Skinner was also affected by the fact that in Melbourne you "can't even see the stars at night," and the comparatively cold weather. It would also be remiss to ignore the cultural differences: Skinner is an Aborigine who grew up in a rural town of just a few hundred people; Melbourne is a vast metropolis with a population of more than four million.

Skinner struggled to cope in Melbourne (though his back-flipping abilities were never in questions).

"I got to one stage, I just [didn't] want to be there anymore," he said. "I don't know what it is about home, I just wanted to go back. It's like, when I'm in Noonkanbah, I want to get out of this place, but when you go to another place, home will always call out to you."

Skinner – like Tomkins, Navas and many others – was adjusting to an entirely different world from the one he'd grown up in. But, like many sportspeople who leave home in pursuit of success, he was being forced to do so in the public eye.

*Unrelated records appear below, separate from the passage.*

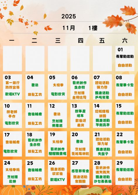 一樓活動課表: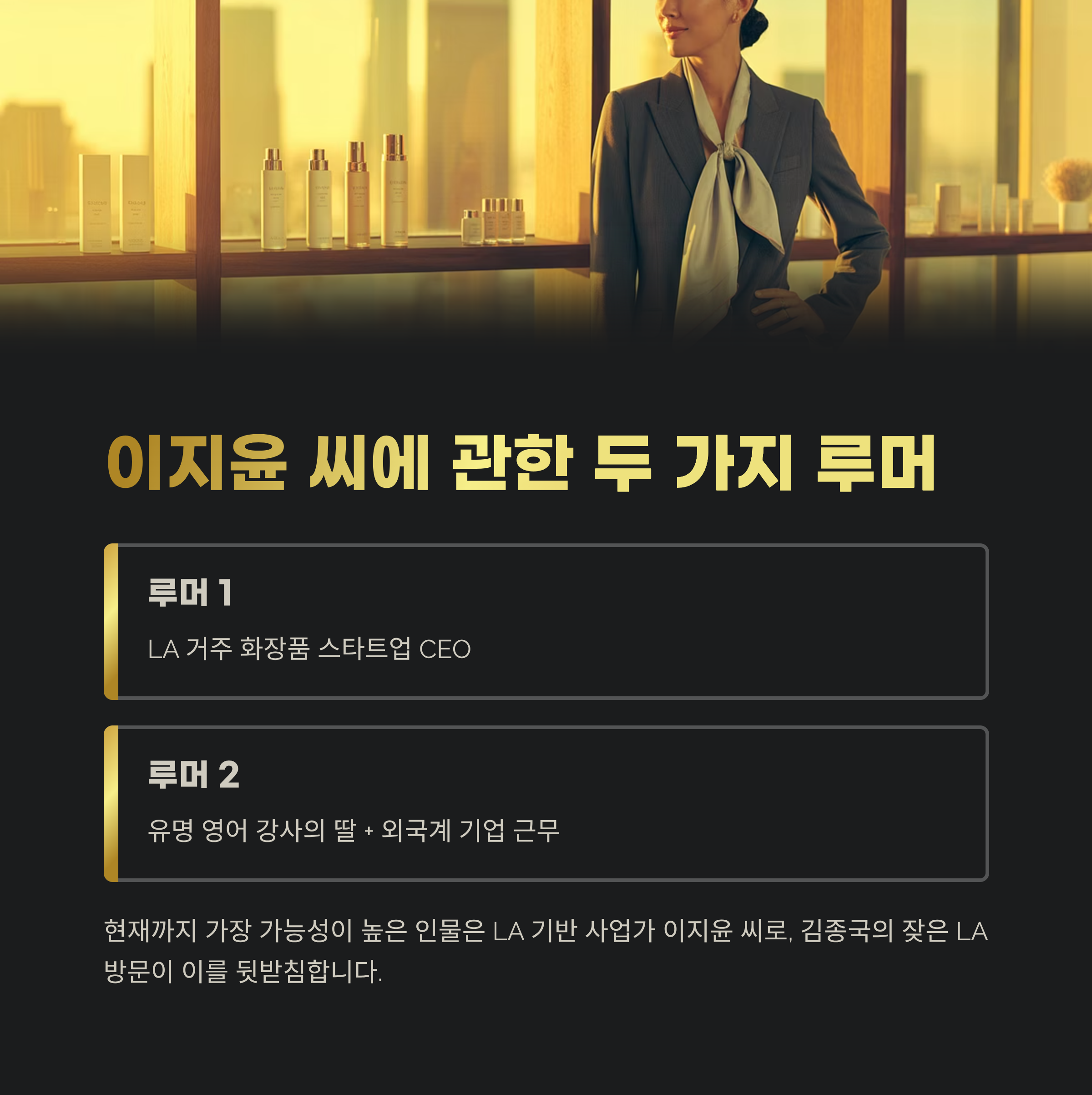 현재까지 가장 신빙성 있는 인물은 바로 이지윤 씨. 미국 LA에서 화장품 스타트업을 운영 중인 CEO로, 1987년생(만 38세)이라는 설이 유력합니다.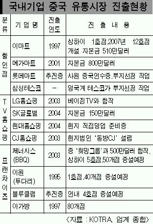 중국 진출에 유리한 업태는 대형 할인점과 전문 프랜차이즈점이다.중국의 케이블TV 가입자수가 9000만명에 이르는 만큼 TV홈쇼핑도 유리하다.TV홈쇼핑에는 국내 유명업체 4∼5곳이 이미 진출했다.

If homesickness affects an athlete mentally, that is more than likely to follow them into their sport. But the fans do not see a person who misses their family and friends, or who is struggling to adjust to an alien way of life – they see an underperforming athlete. And sometimes they give them stick for how they're playing without considering the reasons behind the performance.

Sam Tomkins was brave to admit to his homesickness. It reminds us that athletes are people – quite often very young people – who face the same problems anyone else would when leaving home for the first time.